Data section:
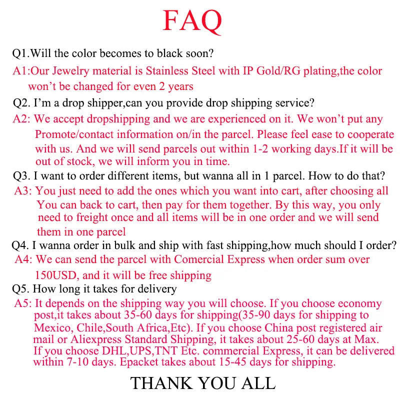 Free shipping via DHL: When order sum over 150USD
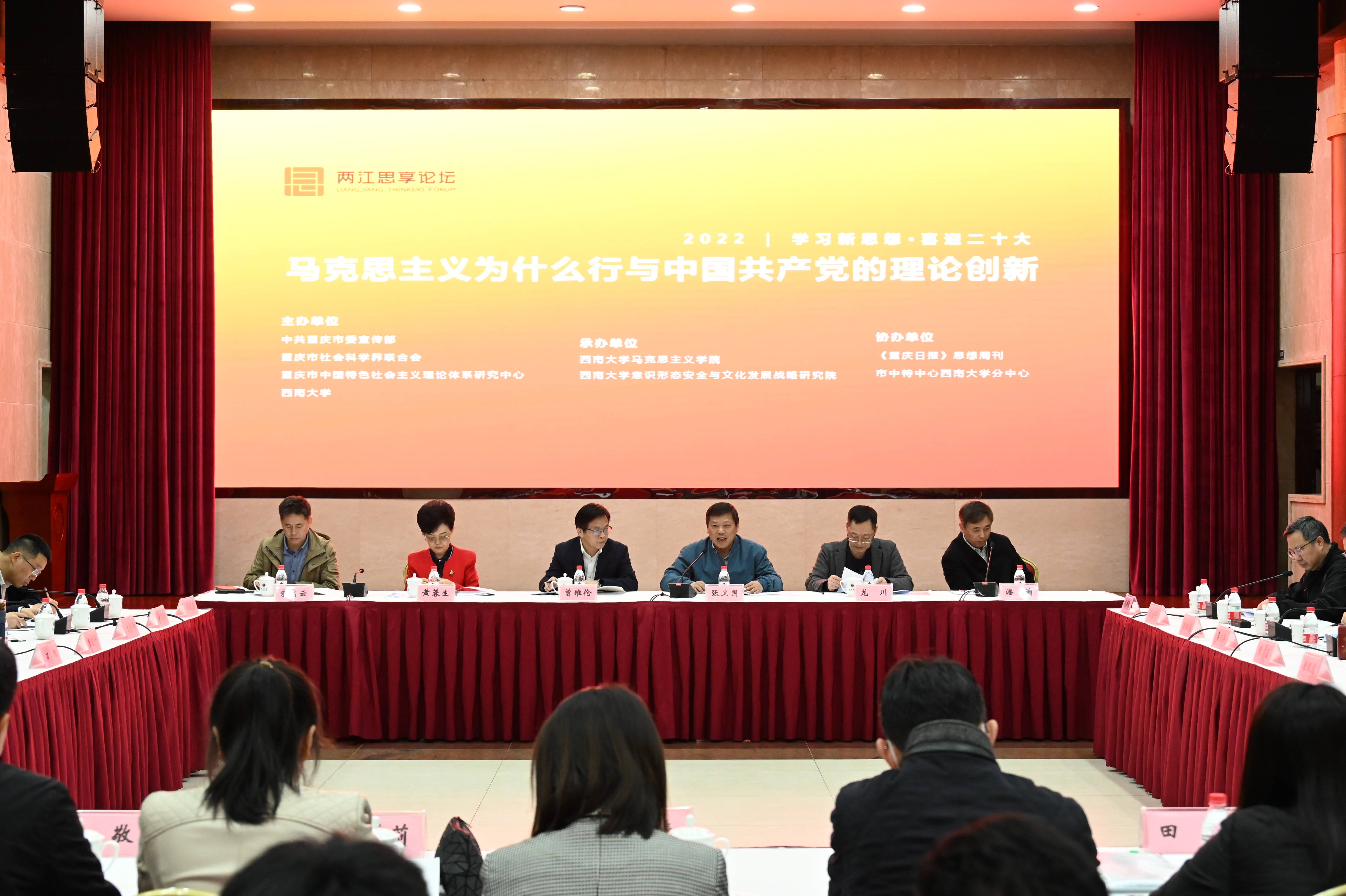 2022年4月16日,在习近平总书记视察重庆提出“能”“行”“好”重大理论命题三周年之际,为深入贯彻落实党的十九届六中全会精神,推进习近平新时代中国特色社会主义思想研究,由中共重庆市委宣传部、重庆市社会科学界联合会、重庆市中国特色社会主义理论体系研究中心、beat365在线唯一官网登录主办,beat365在线唯一官网登录马克思主义学院、beat365在线唯一官网登录意识形态安全与文化发展战略研究院承办的“两江思享论坛:学习新思想 喜迎二十大”首场会议“马克思主义为什么行与中国共产党的理论创新”学术研讨会在beat365在线唯一官网登录召开。中央“马工程”首席专家、国务院学位委员会马克思主义理论学科评议组专家、重庆市社会科学界专家学者、《重庆日报》思想周刊负责人、媒体记者以及beat365在线唯一官网登录师生代表参加研讨会。
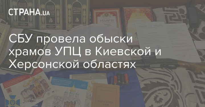 Служба безопасности Украины заявила, что обнаружила "подозрительных лиц, незарегистрированное оружие и российские агитки" на объектах Украинской православной церкви в Киевской и Херсонской областях.
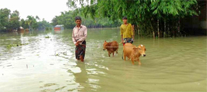 NILPHAMARI: Nearly whole of west Baishpukur village has gone under water following a spate in the river Teesta. — Focus Bangla
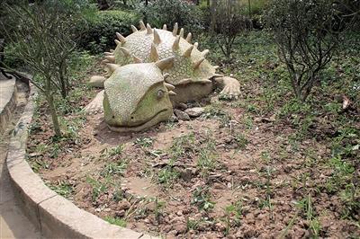 其中一處新種上的草又被前去拍照的人踩得一片狼藉,所有恐龍的身上都有長期攀爬磨損的痕跡,其中一只恐龍碎掉的前爪用水泥粘好。
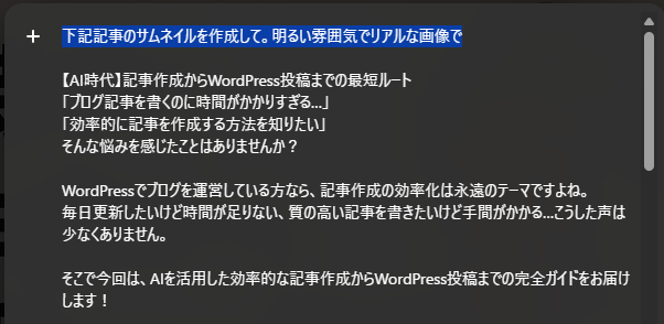 記事を作りながら並行してSoraで「下記記事のサムネイルを作成して。明るい雰囲気でリアルな画像で」など適当なプロンプトを投げ、その下にそのまま記事内容をコピペするだけで、良い感じのサムネイル画像を生成してくれます。

Your instructions: Please write out exactly the lines from the one containing "NILPHAMARI: Nearly whole" through the last line of the records above, and leave out any pictures.

Answer to the problem:
 NILPHAMARI: Nearly whole of west Baishpukur village has gone under water following a spate in the river Teesta. — Focus Bangla
 其中一處新種上的草又被前去拍照的人踩得一片狼藉,所有恐龍的身上都有長期攀爬磨損的痕跡,其中一只恐龍碎掉的前爪用水泥粘好。
 記事を作りながら並行してSoraで「下記記事のサムネイルを作成して。明るい雰囲気でリアルな画像で」など適当なプロンプトを投げ、その下にそのまま記事内容をコピペするだけで、良い感じのサムネイル画像を生成してくれます。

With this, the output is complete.